In an historic judgment, the Supreme Court on Tuesday set aside talaq-e-biddat, a practice of divorce through instant triple talaq among Muslims, declaring it “void, illegal and unconstitutional”. A five-judge constitutional bench held, in a majority 3:2 verdict, that the practice of such instant and irrevocable talaq was “manifestly arbitrary and violative” of the Constitution and is not protected by Article 25 (freedom of religion). Observing that triple talaq was against the basic tenets of the Quran, and hence unacceptable, the judges in three separate judgments across 395 pages said: “In view of the different opinions recorded by a majority of 3:2, the practice of ‘talaq-e-biddat’ — triple talaq is set aside.” Justices RF Nariman, Kurian Joseph, and UU Lalit held that the practice of divorce through triple talaq is “manifestly arbitrary and violative” of the Constitution and must be struck down. However, Chief Justice J S Khehar and justice S Abdul Nazeer favoured a six-month injunction and legislation by the government as had happened in other countries. Nariman argued talaq-e-biddat “is manifestly arbitrary in the sense that the marital tie can be broken capriciously and whimsically by a Muslim man without any attempt at reconciliation so as to save it”. Moreover, he opined this form of talaq was merely permissive and not an absolute religious practice and, so, does not deserve the protection of Article 25, a view supported by Lalit.
Nariman observed that it was “not possible for the court to fold its hands when petitioners [Muslim women] come to court for justice”. He said triple talaq in all its three forms — talaq-e-biddat, talaq ahsan and talaq hasan — was “recognised and enforced” under Section 2 of the Shariat Act of 1937. “In our opinion, therefore, the 1937 Act, insofar as it seeks to recognise and enforce Triple Talaq, is within the meaning of the expression ‘laws in force’ in Article 13(1) and must be struck down as being void to the extent that it recognizes and enforces Triple Talaq,” Nariman stated. Kurian held that instant talaq was against the tenets of the Quran. “What is banned in Quran cannot be good in Shariat. What is banned in theology cannot be good in law,” he said.

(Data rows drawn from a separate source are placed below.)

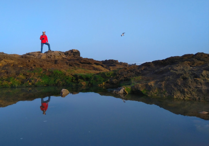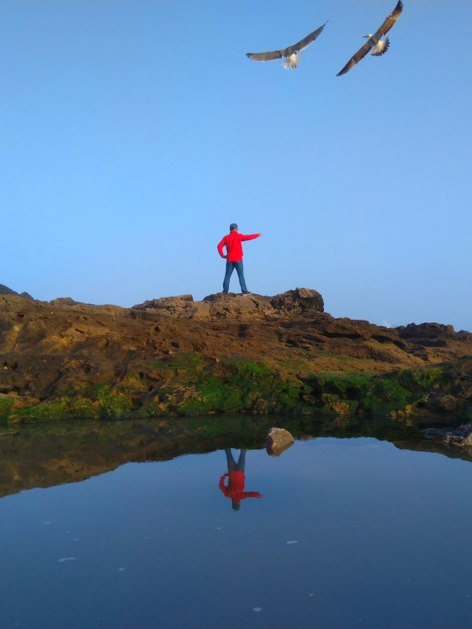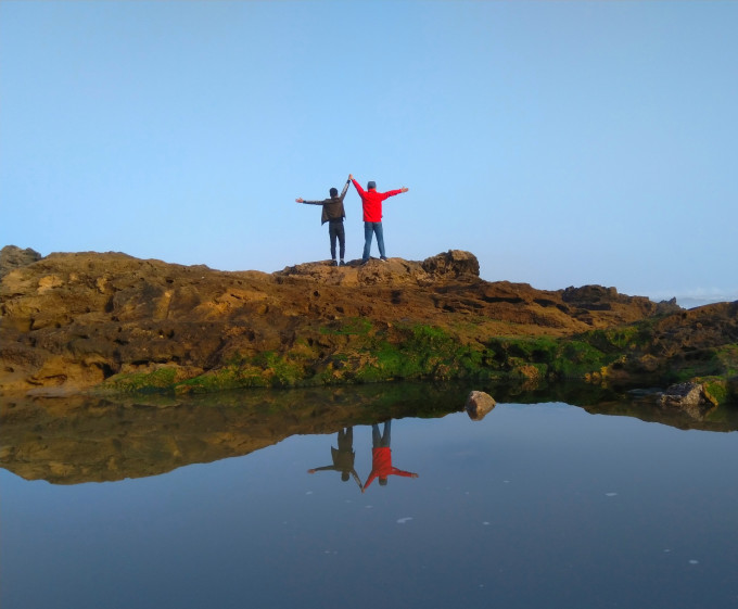 虽然水汽弥漫,索维拉还是展现在我的眼前。白色小城临海而建,被古老的城墙守护着,但它依然高昂的眺望着大西洋。退潮时来不及走掉的海水,倒映着朦胧的索维拉城,还有开心的我们。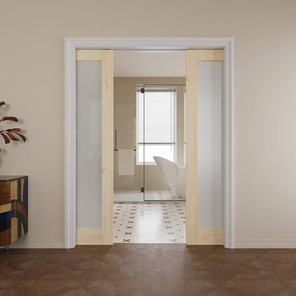 60 in. x 80 in. 1-Lite Frosted Glass Solid Core Pine Wood Unfinished Pocket Sliding Door with Pocket Door Hardware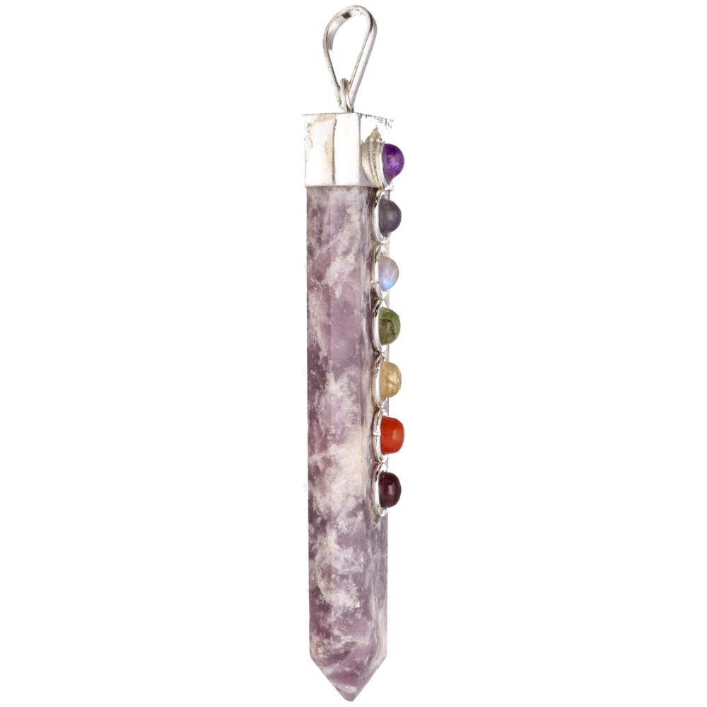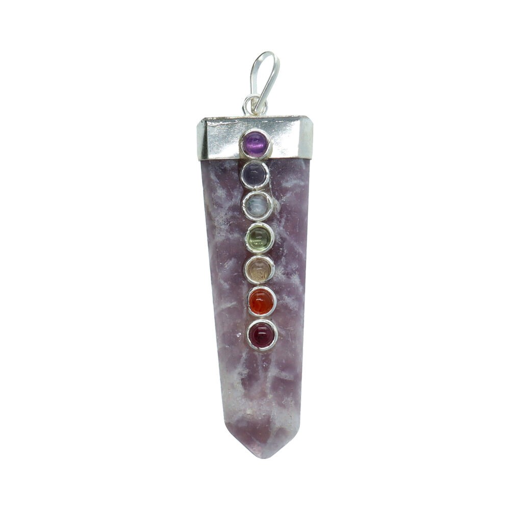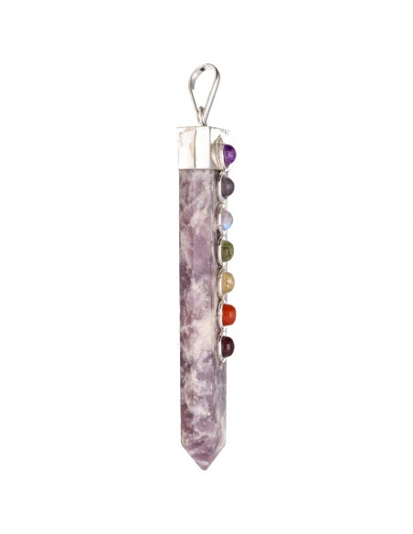Pendente de mica lepidolita de ponta plana com chakras banhado a prata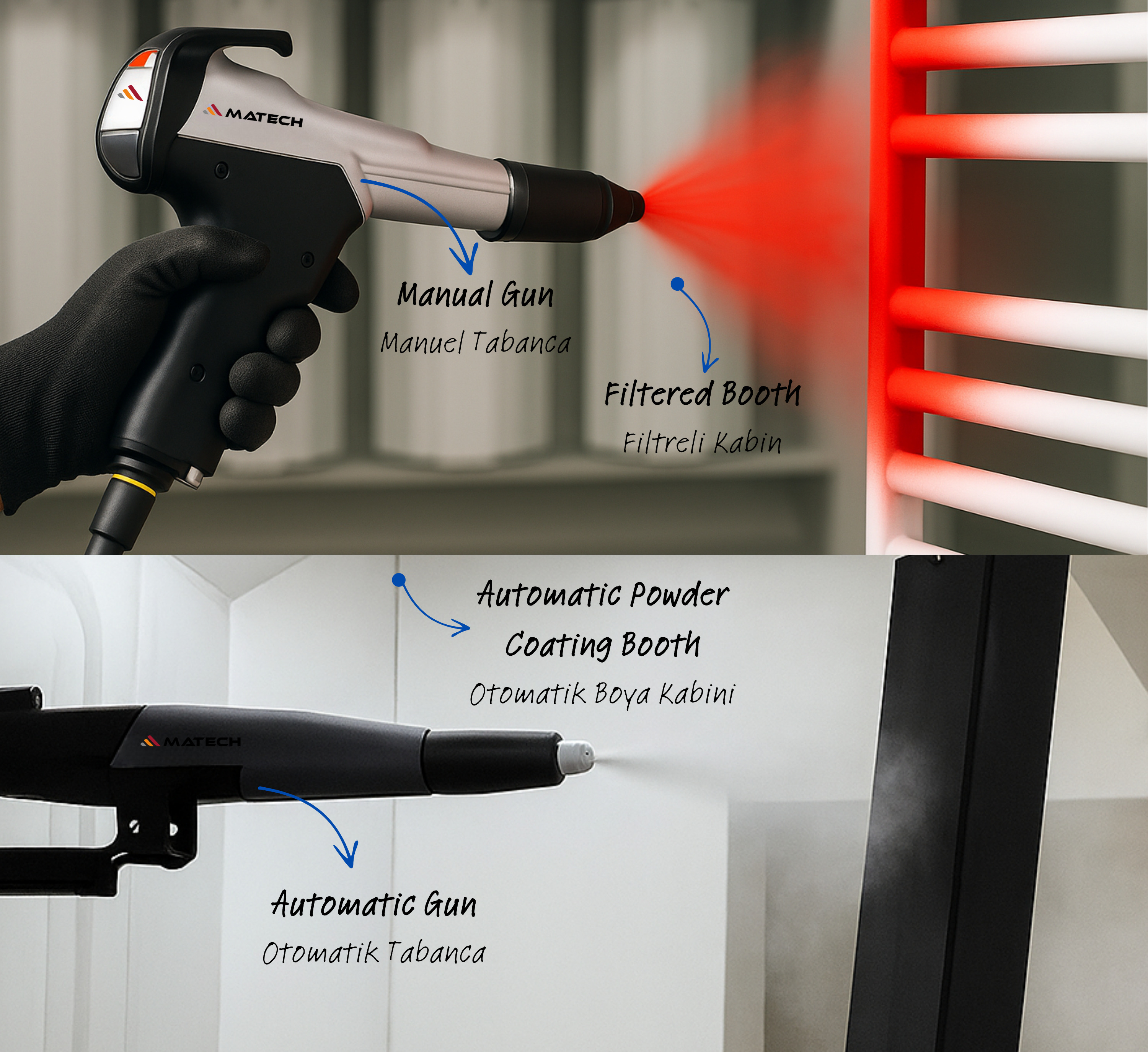 Manuel tabancalar, operatör tarafından kullanılan ve yönlendirilen tabancalardır. Kullanımı kolaydır, bu nedenle özellikle küçük ve orta ölçekli üretimlerde tercih edilir. Parça çeşitliliğinin fazla olduğu, sık sık renk değişimi yapılan veya özel tasarımların boyandığı uygulamalarda manuel tabancalar önemli bir avantaj sağlar. Bu tabancalar sayesinde farklı boyut ve geometrilerdeki parçalar kolayca boyanabilir. Zor ulaşılan alanlar ya da detaylı yüzeyler operatör kontrolüyle rahatlıkla kaplanabilir. Ayrıca yatırım maliyeti düşük olduğu için atölyeler ve esnek üretim yapan işletmeler için ideal bir çözümdür.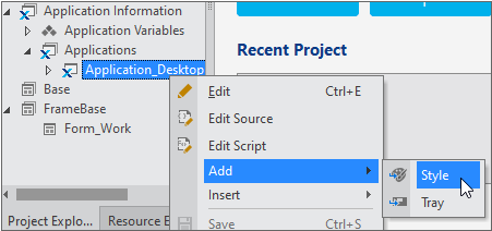 For reference, you can obtain the same result by selecting the Application name and right-clicking to select [Add > Style] from the context menu as follows in Project Explorer.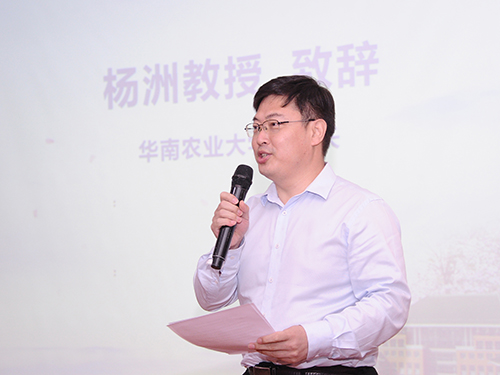 杨洲副校长致辞,他表明,本次比赛体现了“锐意创新,科学创业”的初衷,不仅有利于提升我校本科教学水平,也有益于加强与兄弟单位和企业的合作。感谢教育厅给予华农承办本次比赛的机会。同时,杨洲对华农建校110周年取得的辉煌成果进行了简要介绍。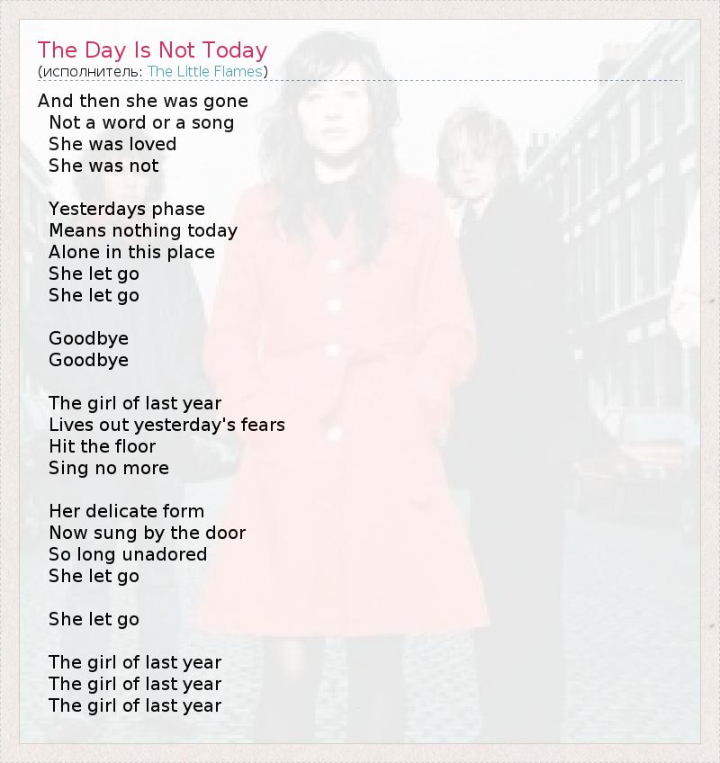 А как ты думаешь, о чем песня "The Day Is Not Today" ?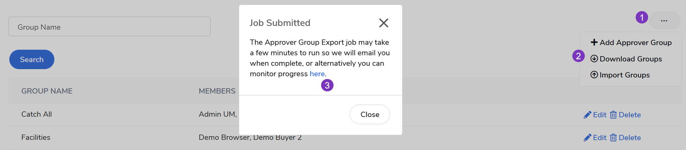Export: Select Download Groups to receive a spreadsheet of all current groups. Once the Job Submitted pop-up box appears, select the here hyperlink.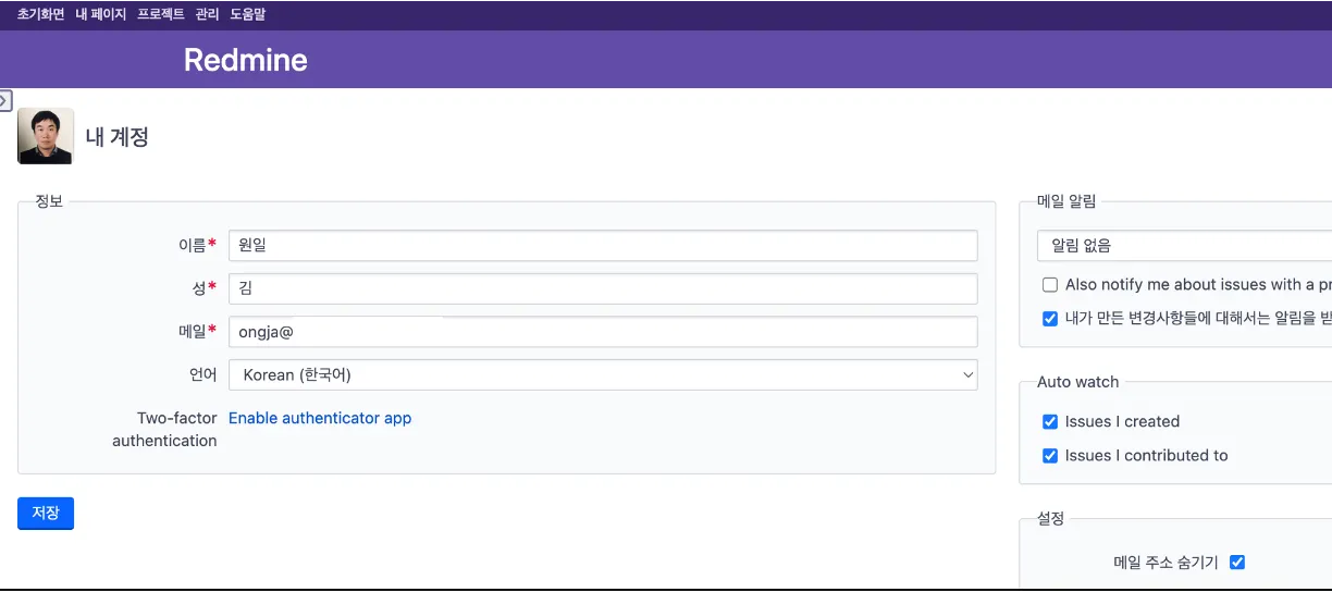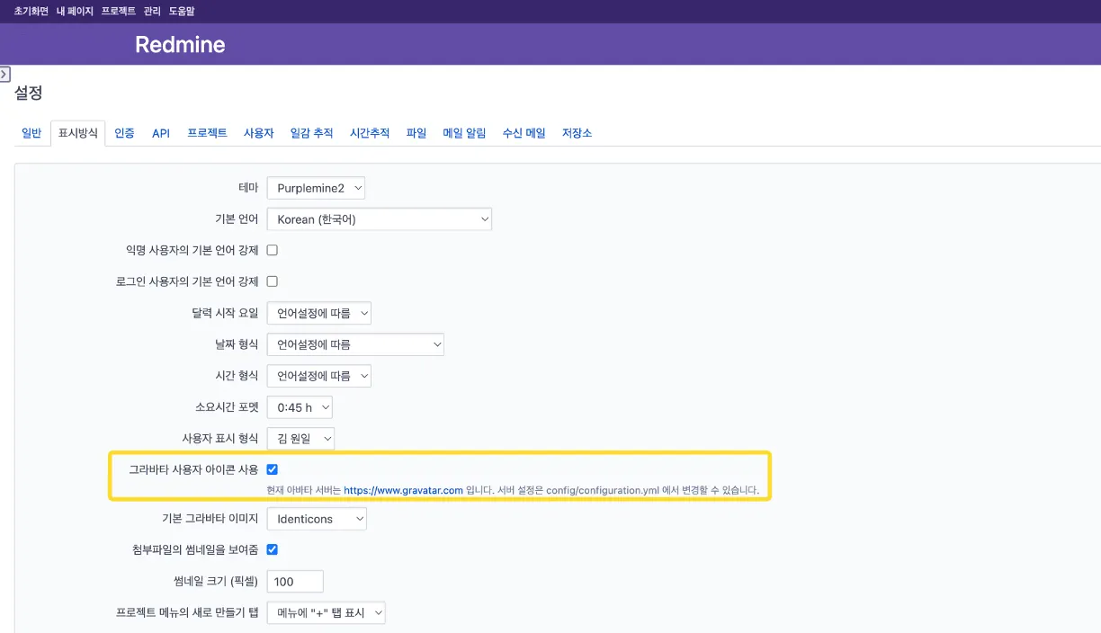 그라바타 사용자 아이콘 (Redmine 자체 기능)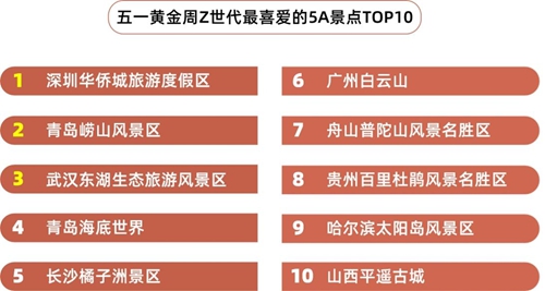 年轻人最喜爱的5A景区,涵盖了深圳、青岛、广州、长沙、哈尔滨等城市。从年轻人的打卡热门地来看,不仅包含了深圳华侨城、哈尔滨太阳岛等融合了自然风光与休闲度假于一身的景区,诸如崂山、橘子洲、普陀山、平遥古城等带有历史和文化色彩的地方也是年轻人的心水地,反映了当下年轻人对旅行中文化体验获得感的需求提升。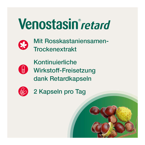 Venostasin® retard 50 mg Hartkapsel, retardiert. Wirkstoff: Rosskastaniensamen-Trockenextrakt. Anwendungsgebiete: Bei Erwachsenen zur Behandlung von Beschwerden bei Erkrankungen der Beinvenen (chronische Veneninsuffizienz), z.B. Schmerzen und Schweregefühl in den Beinen, nächtliche Wadenkrämpfe, Juckreiz und Ödeme.

Kurian noted that merely being around for 1,400 years did not make a practice eligible for protection under Article 25. He also differed with the chief justice that triple talaq as a personal law is integral to religious belief. The bench, which consisted of judges from different religious communities — Sikh, Christian, Parsi, Hindu and Muslim — had heard seven pleas. This included five separate petitions filed by Muslim women challenging the prevalent practice of triple talaq in the community. Khehar, who headed the bench, held that talaq-e-biddat is an integral part of Article 25 (freedom of religion), followed for over 1,400 years by the Hanafis and has become a part of religious practice. He held that instant talaq does not violate Articles 14, 19 and 21 of the Constitution.
Invoking Article 142 to injunct Muslim men from divorcing through talaq-e-biddat, the chief justice said, “We hope and expect that the contemplated legislation will also take into consideration advances in Muslim ‘personal law’ — ‘Shariat’, as have been corrected by legislation the world over, even by theocratic Islamic States”. Joseph and Nariman gave separate judgments against the validity of instant talaq, with Lalit supporting the latter judgment. The verdict was welcomed by the government, political parties and activists, with Prime Minister Narendra Modi hailing it as “historic”. “Judgement of the SC on triple talaq is historic. It grants equality to Muslim women and is a powerful measure for women empowerment,” Modi tweeted.
BJP president Amit Shah said it was the “beginning of a new epoch for women to live with self-respect”. Terming it a welcome step, finance minister Arun Jaitley said he hoped aberrations in personal laws which infringe constitutional guarantees can now be rectified. Congress leader Salman Khurshid too welcomed the judgment, saying “it is a good decision”. He, however, said the reasoning behind the decision was as important as the decision itself and one should see it before coming to any conclusion. The AIMPLB said that it would chalk out its future course of action at its working committee meeting on September 10 in Bhopal, an official of the body said.